Saudi Arabia has amassed foreign assets of more than $500bn as a result of its oil wealth. This fortune continues to grow rapidly and gives the kingdom incredible leeway to spend its way out of any crisis it faces.

Over the past few years, it has shown its willingness to do so, with promises to spend about $130bn on initiatives such as unemployment benefits, salary hikes and housing construction.

However, a more serious set of long-term challenges now faces the kingdom that threaten to be even more destabilising.

Inefficient and wasteful energy consumption, coupled with a rising population, is leading the kingdom to burn even more of its natural resources at home, rather than selling them abroad and adding the proceeds to that half a trillion dollar cash pile. Unless action is taken, the kingdom could find it needs the oil price to be $320 a barrel by 2030 just to balance the budget.

By developing nuclear power, as part of a wider renewable energy strategy, Riyadh hopes to save more oil for export.
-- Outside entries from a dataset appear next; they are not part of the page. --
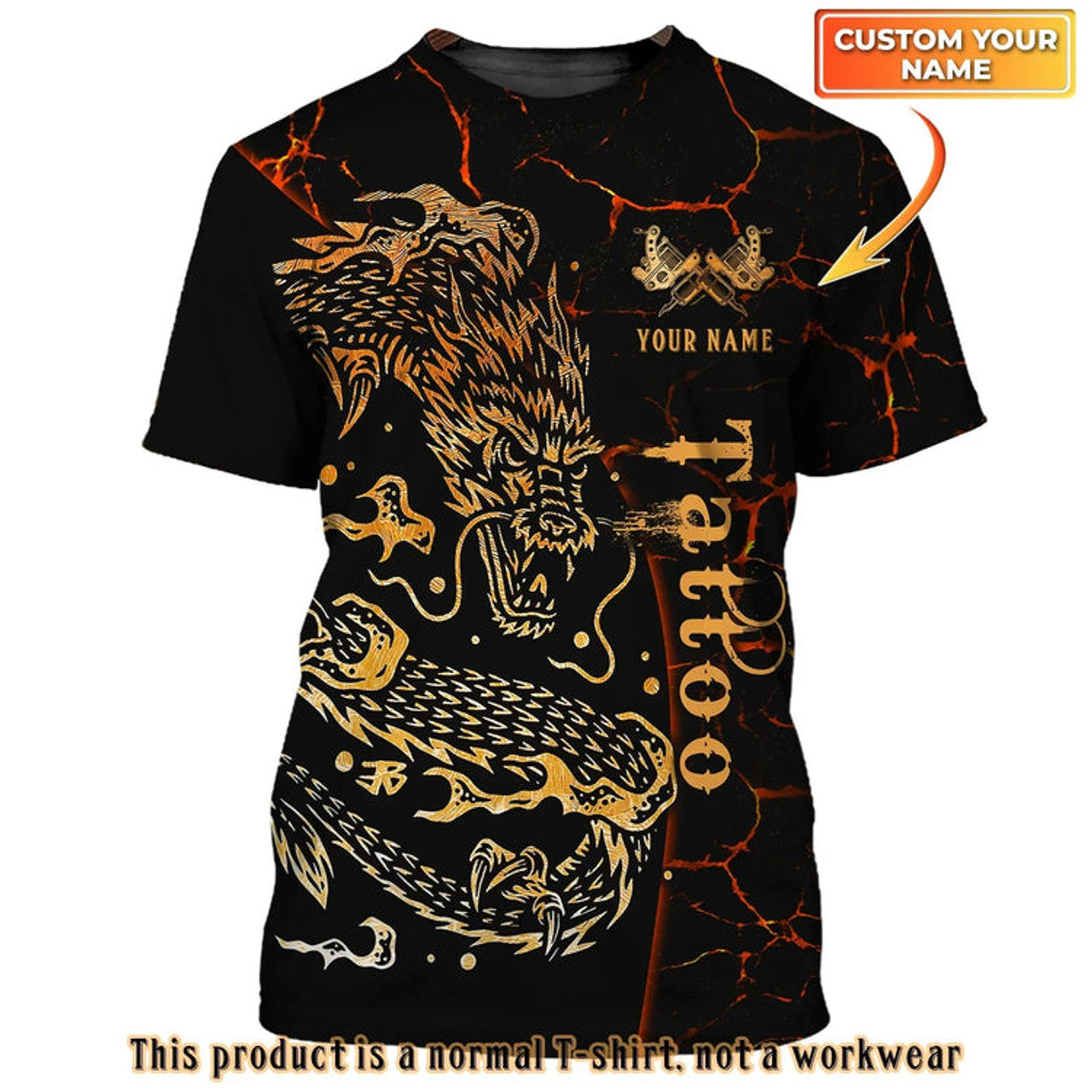 Custom Personalized With Name Dragon Tattoo T-Shirt, Gift For Dragon Lover, Dragon Shirt Tattoo Tee 3D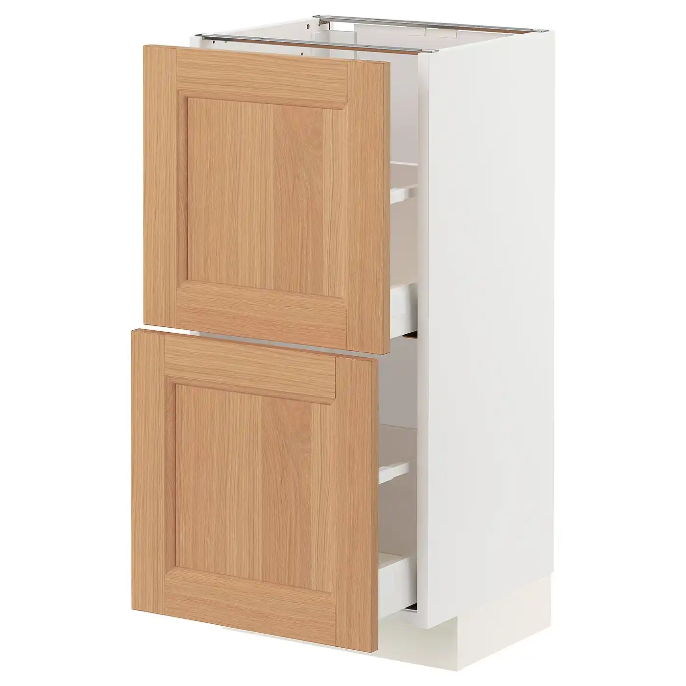IKEA METOD Base cabinet with 2 drawers 40x37 cm MAXIMERA white/VEDHAMN oak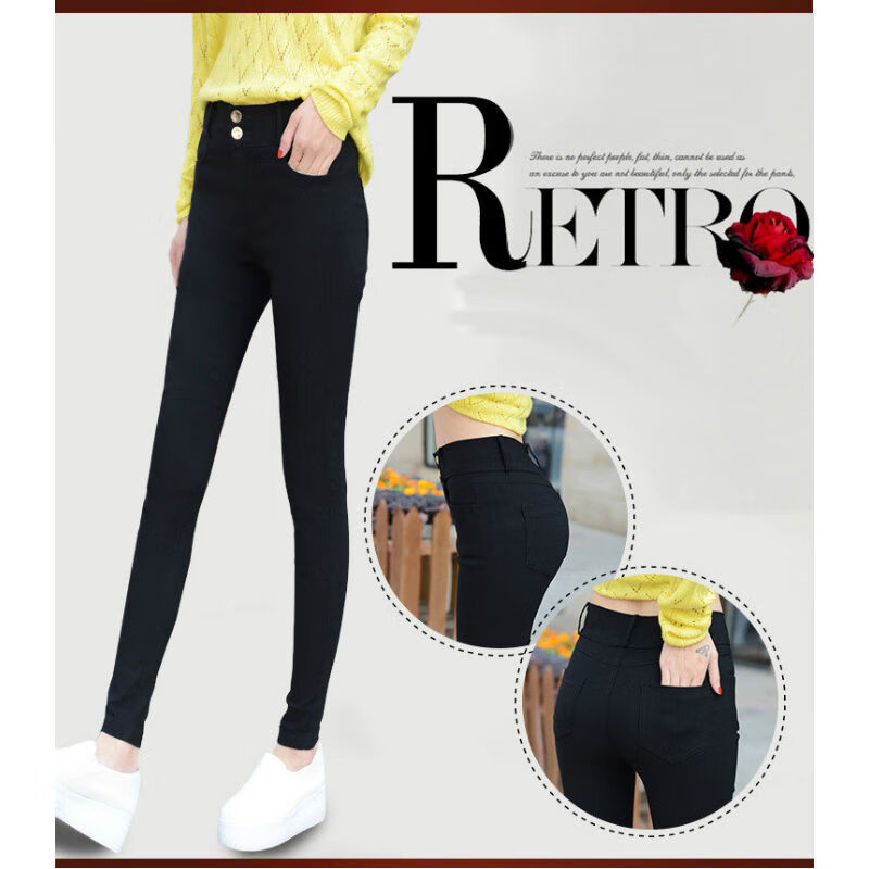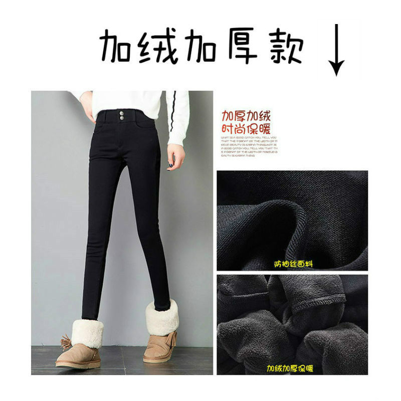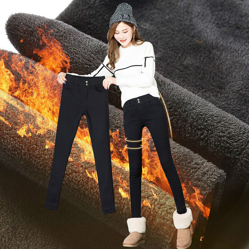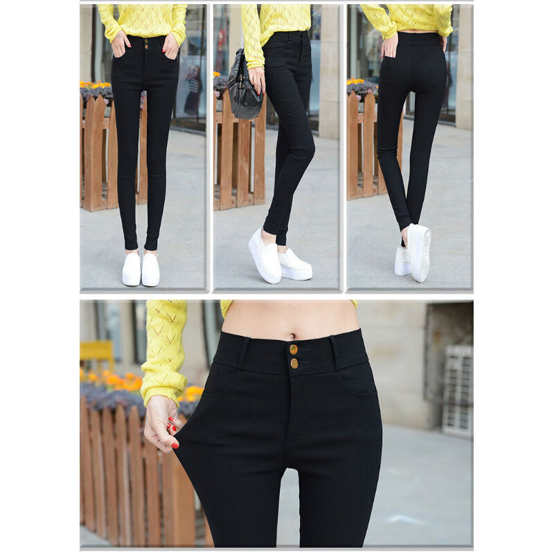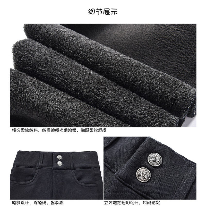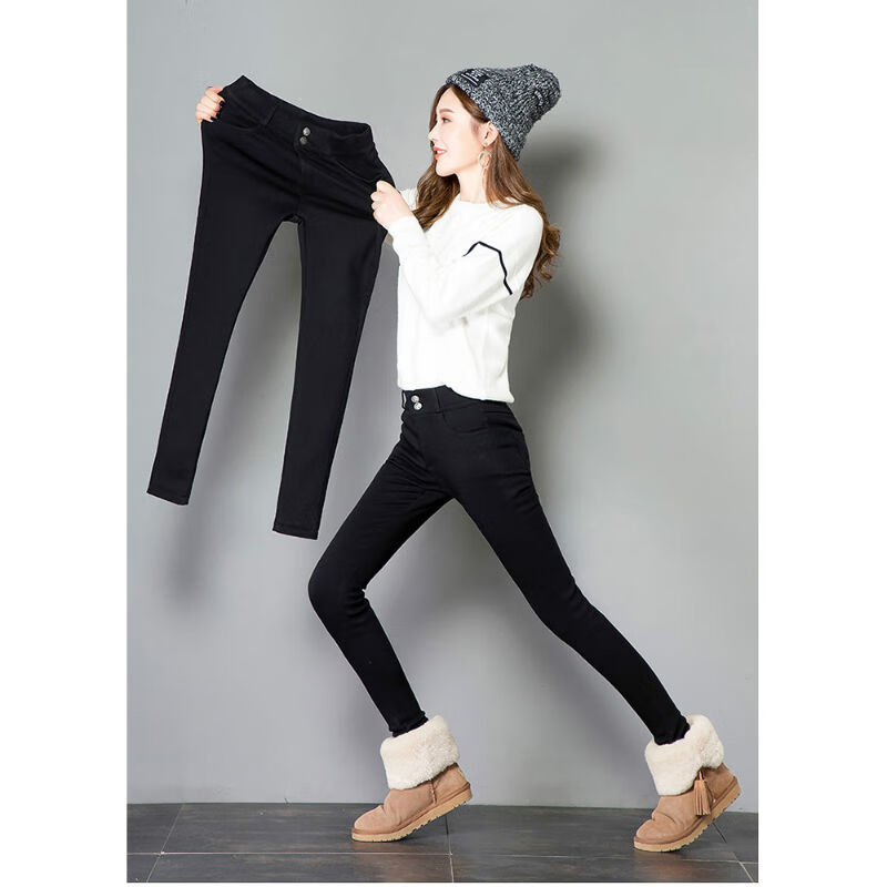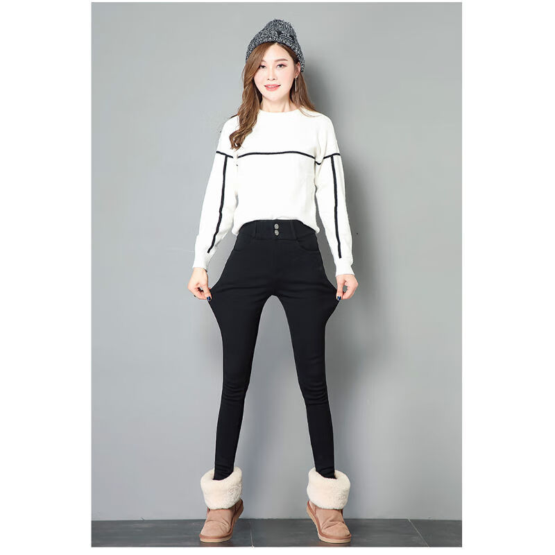 Isadore high-waisted leggings for outer wear for women, autumn and winter black pants, leggings, slim pencil pants, small leg pants, women's fleece pants, two buttons (thick fleece) L (recommended 100-110 Jin Jin equals 0.5 kg)

Nuclear is the cornerstone of this strategy and by 2032 could provide 17GW of the country’s power, but time is of the essence.

To move ahead quickly, Riyadh is expected to consider using some of its considerable wealth to accelerate plans for a portion of the nuclear programme, while encouraging private sector financing in the rest, according to one of the advisers pitching to help in the development of the nuclear plans.

By creating the King Abdullah Centre for Renewable and Atomic Energy (KA-Care), the king has shown he is well aware of the looming crisis. The challenge now is transforming that awareness into a coherent plan.

Saudi Arabia is in a unique position to move forward with its nuclear programme faster than anyone expects, and it has the political imperative to do so.